Work to be completed
Using the data below, print exactly the line with "Zachód słońca, Zamarznięte, Góry, Kanada, Jezioro", the line with "Young cheerful ginger", and every line between them, but none of the pictures.

--- START ---

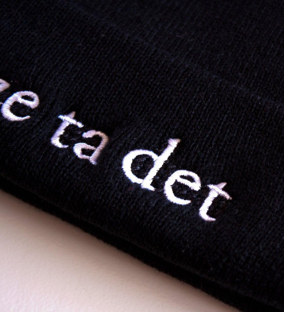 Cuff Beanie (without the Pom-Pom!) 100% Acrylic. One size fits most.
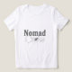 A vintage-styled crow illustration with ornate "Nomad" lettering, perfect for boho and nature-inspired apparel. This wanderer graphic combines minimalist animal art with retro tattoo aesthetics for a unique statement piece.
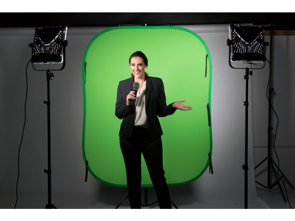 Fundal Chromakey 1,8m x 2,75m (6x9'). Excelent pentru plasare sau utilizare în studio. Chromakey este folosit în producția de filme și filme ca un instrument pentru a combina două sau mai multe imagini împreună în toate aspectele artei. În fotografia digitală, este din ce în ce mai folosit pentru a tăia și lipi un obiect pe un fundal.
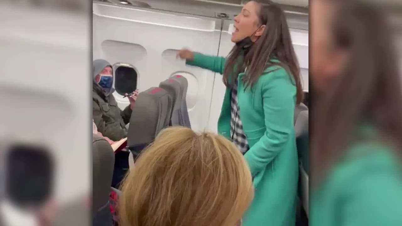"Si no nos oponemos esto se pondrá peor", gritaba la mujer a los demás pasajeros. La disputa en pleno vuelo de American Airlines quedó grabada en cámara.
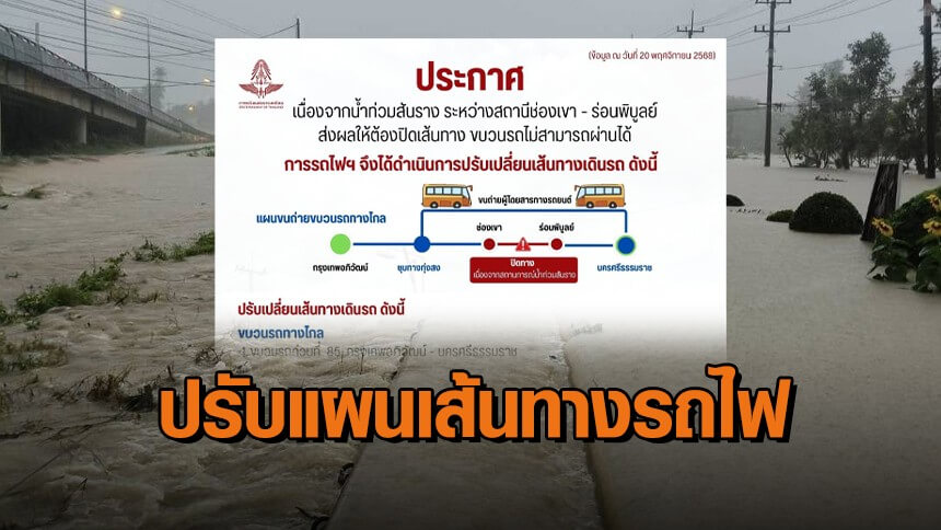 การรถไฟแห่งประเทศไทย ประกาศปิดเส้นทางรถไฟ ช่วงสถานีช่องเขา – สถานีร่อนพิบูลย์ เหตุน้ำท่วมทางรถไฟ จำเป็นต้องปรับแผนการเดินรถ จำนวน 6 ขบวน
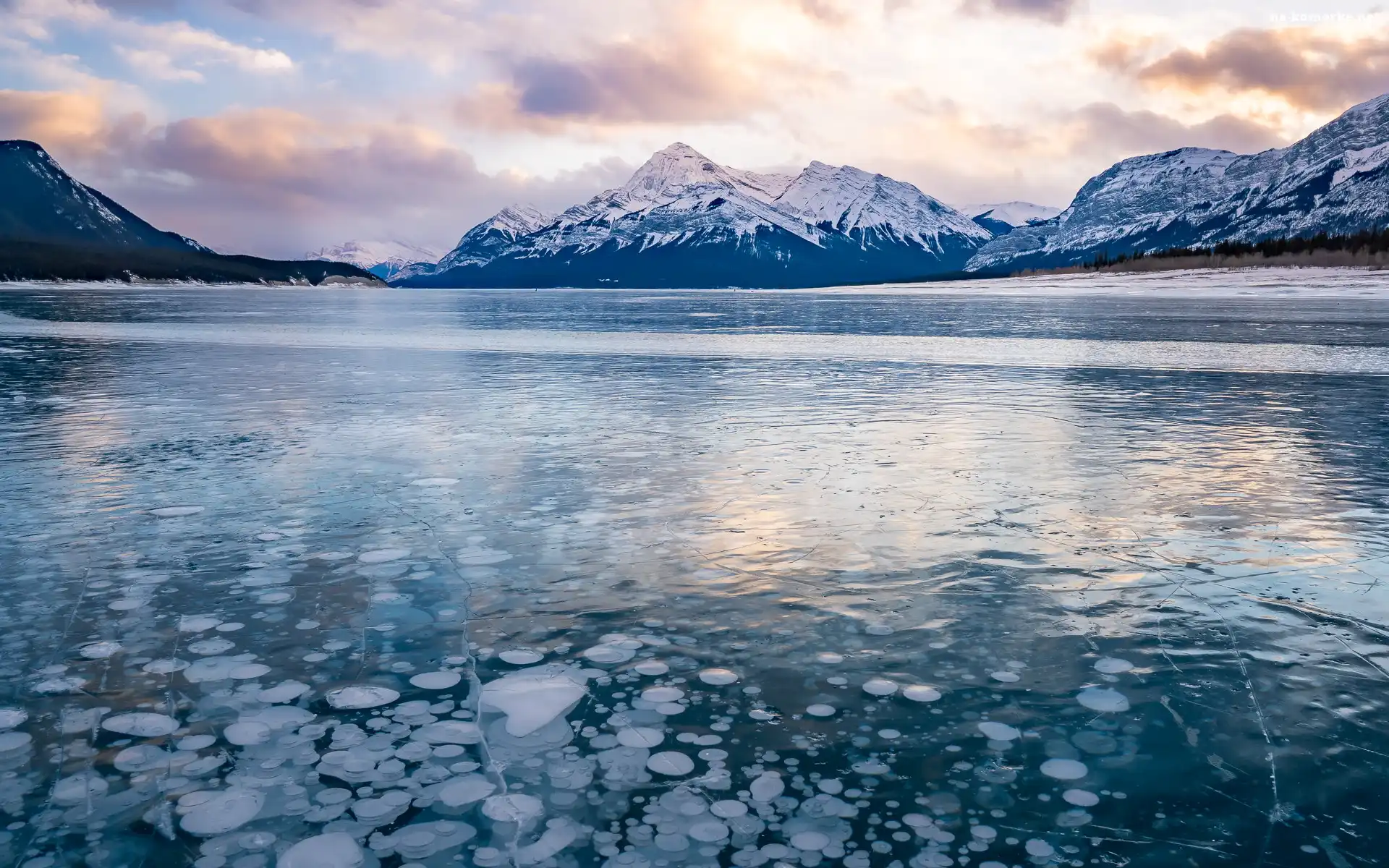 Zachód słońca, Zamarznięte, Góry, Kanada, Jezioro Abraham, Alberta na Komórkę
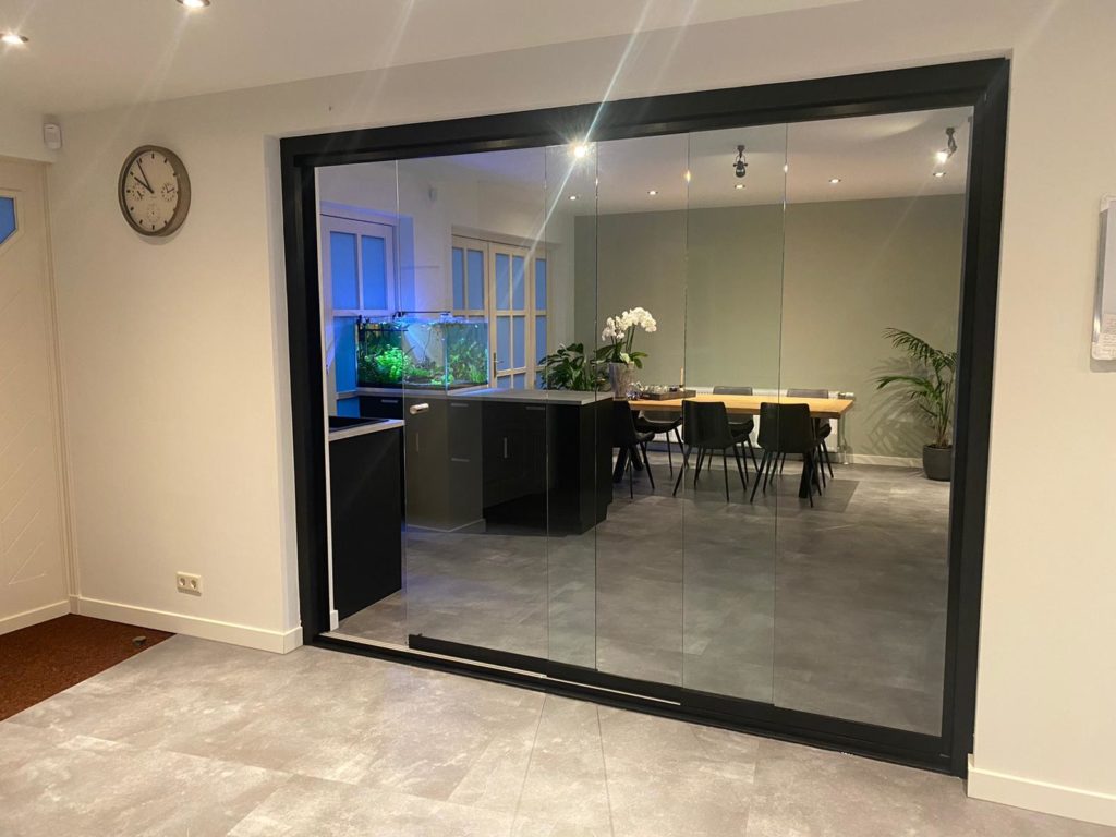 Glazen wanden bieden een elegante manier om een ruimte af te scheiden terwijl het doorzicht en het natuurlijke licht behouden blijven. Deze wanden worden geplaatst in een onder- en bovenprofiel, wat zorgt voor stabiliteit zonder het ruimtelijke gevoel te verstoren.
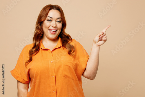Young cheerful ginger chubby overweight woman wear orange shirt casual clothes point index finger aside indicate on area isolated on plain pastel beige background studio portrait. Lifestyle concept.
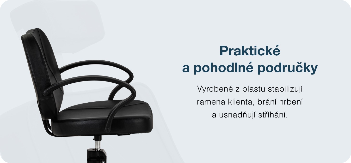 Křeslo je vybaveno plně otočným mechanismem, který poskytuje volnost pohybu a zefektivňuje práci kadeřníků. Plastové područky ve správné výšce umožňují správnou polohu ramen klienta, čímž zabraňují nesprávnému držení těla včetně hrbení a výrazně usnadňují přesné ošetření. Robustní povrchová úprava područek navíc zvyšuje odolnost křesla a jejich ergonomický design zvyšuje pohodlí při kratších i delších službách.
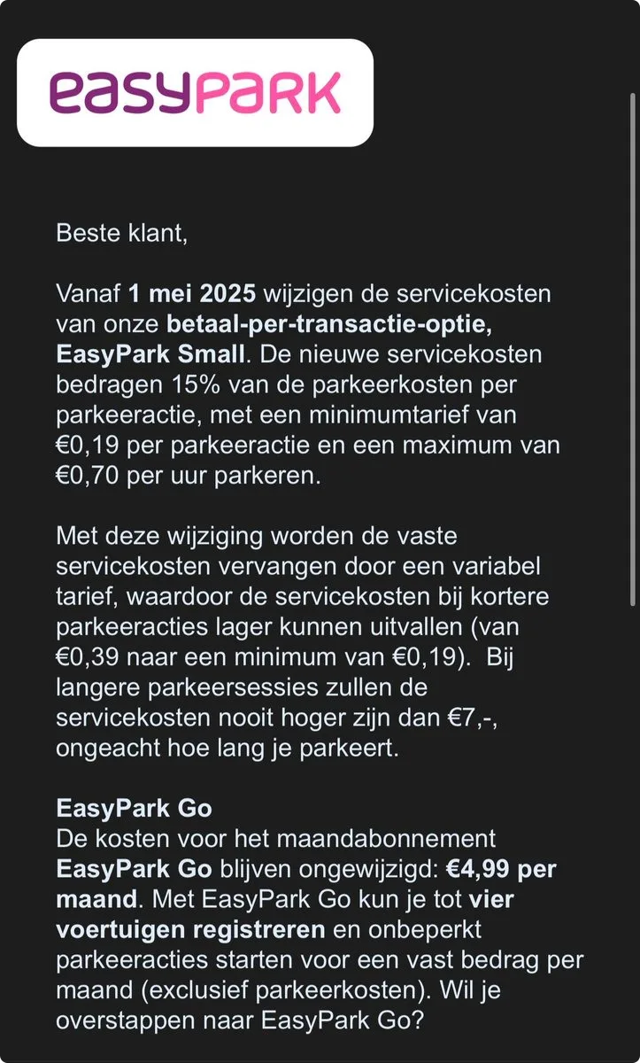 "Of het is een hele slechte 1 aprilgrap, of ze willen bij EasyPark graag van klanten af," schrijft een gebruiker op X. EasyPark bevestigt in een e-mail die naar alle gebruikers is gestuurd dat het echter geen grap is, maar een aanpassing naar "de standaard prijsstructuur" in andere Europese landen. Ook heeft het bedrijf een speciale pagina aangemaakt op hun site waar de prijsverhoging en verschillende scenario's worden uitgelegd.

--- END ---

Response to this task
 Zachód słońca, Zamarznięte, Góry, Kanada, Jezioro Abraham, Alberta na Komórkę
 Glazen wanden bieden een elegante manier om een ruimte af te scheiden terwijl het doorzicht en het natuurlijke licht behouden blijven. Deze wanden worden geplaatst in een onder- en bovenprofiel, wat zorgt voor stabiliteit zonder het ruimtelijke gevoel te verstoren.
Young cheerful ginger chubby overweight woman wear orange shirt casual clothes point index finger aside indicate on area isolated on plain pastel beige background studio portrait. Lifestyle concept.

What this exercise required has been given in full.